Skip to content
This repository has been archived by the owner on Feb 4, 2018. It is now read-only.

Remove Dockerfile option #15

Closed
freeman-lab opened this issue Aug 28, 2015 · 12 comments
Closed

Remove Dockerfile option #15

freeman-lab opened this issue Aug 28, 2015 · 12 comments

Comments

@freeman-lab
Copy link
Member

As discussed with @rgbkrk in a Jupyter dev meeting, for security reasons we should probably remove the ability to specify a binder with a custom Dockerfile, which we currently support so long as the Dockerfile builds on top of our base image. Although it provides an incredibly flexible deployment model, there are too many potential pitfalls with the freedom it provides. The question is, can we satisfy our various use cases without it?

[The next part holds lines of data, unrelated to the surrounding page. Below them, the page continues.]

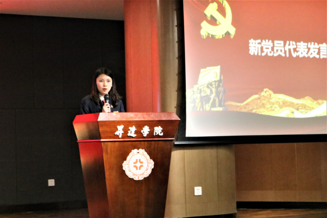 新发展党员代表陈露发言,代表全体新发展党员表达了自己加入中国共产党、并为共产主义奋斗一生的决心,并承诺在以后的学习和工作都中坚决以党员的身份来严格要求自己。
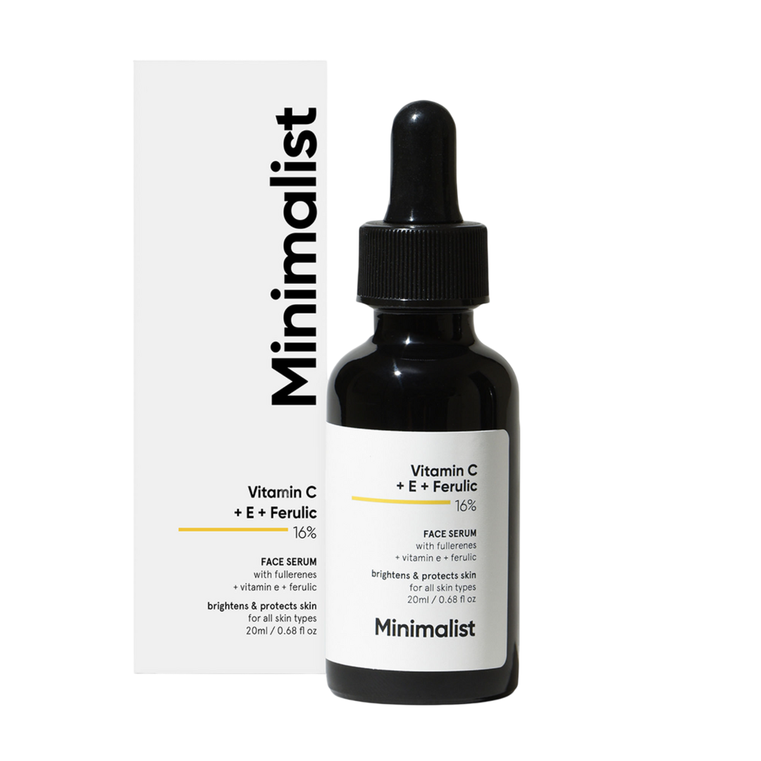 Minimalist Vitamin C+E+Ferulic Acid 16% Face Serum with Antioxidants for Anti-Aging & Glow reduces Skin Damage & Redness to Brighten Dull Complexion.
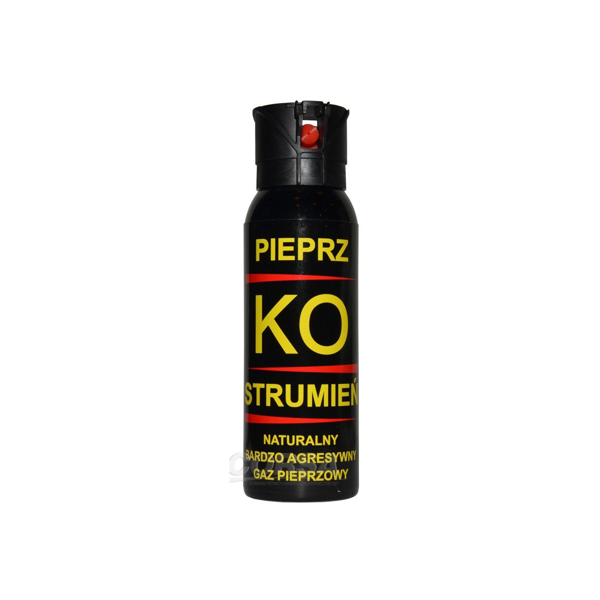 Gaz pieprzowy KO JET strumień 100ml - gaz obronny na bazie środka biologicznego Alkaloidu w formie strumienia, wyprodukowany przez niemiecką firmę Klever. Substancja drażniąca wydostaje się z miotacza w postaci żelu, co daje możliwość dokładnego ukierunkowania strumienia. Ten ręczny miotacz gazu działa również na ludzi pod wpływem alkoholu i środków odurzających. Gaz pieprzowy działa drażniąco na śluzówki, powodując ostre pieczenie oczu, katar, kaszel, a także silne duszenie się. Dzięki temu uniemożliwia napastnikowi dalszy atak i w znacznym stopniu utrudnia jego poruszanie się.
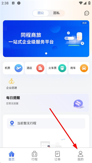 1、進入首頁可切換因公或因私模式,使用機票、酒店等出行服務功能,點擊我的進入個人中心,查看消費及服務入口。
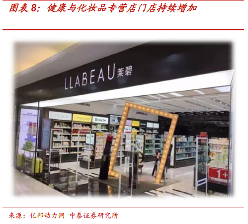 化妆品专营店快速增长。化妆品专营店作为零售终端,凭借广泛的产品选择、专业BA导购、以及门店增值服务等优势,迎合消费升级的需求,渠道占比逐步上升,2016年达到10%。为了应对网络零售份额的增加对线下专营店造成的冲击,化妆品零售企业着手优化一线城市门店布局,逐级下沉低线市场,并开设网上商城以推动渠道融合,促进销售良性增长。
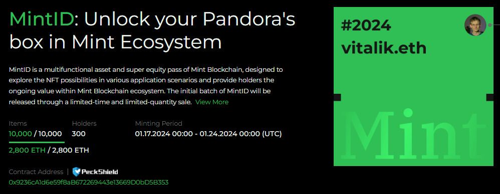 MintID 是进入 Mint 区块链的通行证。它是 Mint 区块链生态系统内的多功能资产和超级权益通行证,旨在探索 NFT 在各种应用场景中的可能性,并为持有者提供持续价值。该 NFT 总供应量为 10,000 个,铸造价格为 0.28 ETH,具有以下几项权益:
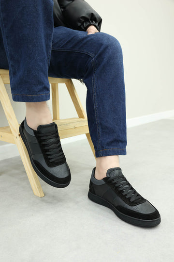 Süet Detaylı Siyah Deri Erkek Spor Ayakkabı - Wessi
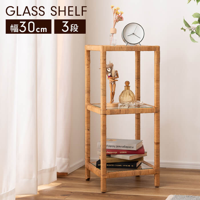 ■【値下げ】オープンラック 3段 幅30cm スリム ラタン ガラスシェルフ 天然 強化ガラス 籐 収納棚 ラック シェルフ 飾り棚 ディスプレイ

We currently support requirements.txt and conda environment.yml, which together should cover all Python-related builds. We can also add support for other kernels (e.g. R and Julia), and we can add the appropriate package dependency lists for those languages. For Julia, there appears to be a convention of specifying dependencies in a REQUIRE file. Less clear what the appropriate convention should be for R. Comments from R or Julia devs would be welcome on this point!

Is this enough, or can folks suggest use cases for Binder where the Dockerfile is a must have?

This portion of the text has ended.